Records shown.
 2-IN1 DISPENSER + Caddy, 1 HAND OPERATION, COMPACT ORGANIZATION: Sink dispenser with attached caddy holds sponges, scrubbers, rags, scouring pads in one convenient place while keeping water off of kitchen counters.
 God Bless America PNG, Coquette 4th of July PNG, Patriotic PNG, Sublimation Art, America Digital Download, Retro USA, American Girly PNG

* * *

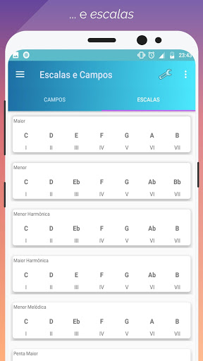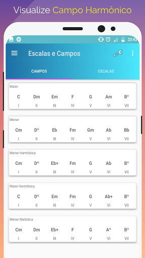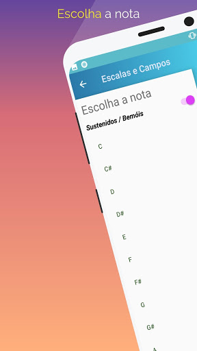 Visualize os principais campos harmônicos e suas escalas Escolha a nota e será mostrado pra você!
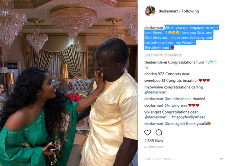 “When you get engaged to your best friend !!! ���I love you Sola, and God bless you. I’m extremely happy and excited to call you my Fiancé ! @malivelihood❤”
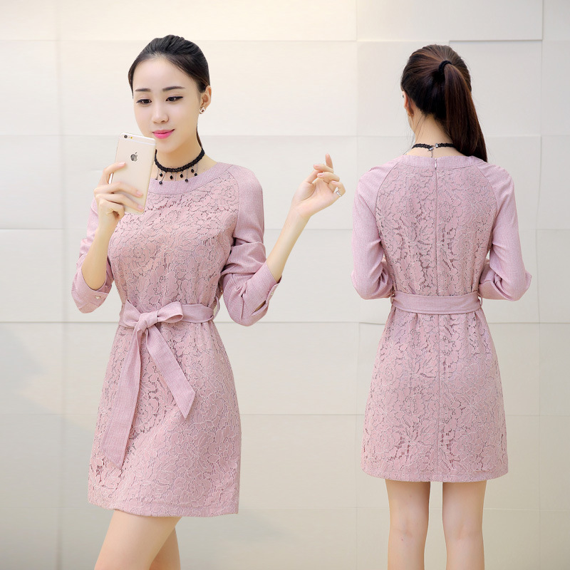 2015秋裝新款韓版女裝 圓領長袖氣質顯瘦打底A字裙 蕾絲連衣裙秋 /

==

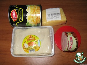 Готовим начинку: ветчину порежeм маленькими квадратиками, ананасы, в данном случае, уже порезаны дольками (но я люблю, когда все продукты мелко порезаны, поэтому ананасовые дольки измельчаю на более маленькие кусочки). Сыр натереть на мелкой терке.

Task requirements. Copy only this part of the entries above: the line with "2-IN1 DISPENSER +", the line with "God Bless America", and the lines between, all exactly as written.

Finished task.
 2-IN1 DISPENSER + Caddy, 1 HAND OPERATION, COMPACT ORGANIZATION: Sink dispenser with attached caddy holds sponges, scrubbers, rags, scouring pads in one convenient place while keeping water off of kitchen counters.
 God Bless America PNG, Coquette 4th of July PNG, Patriotic PNG, Sublimation Art, America Digital Download, Retro USA, American Girly PNG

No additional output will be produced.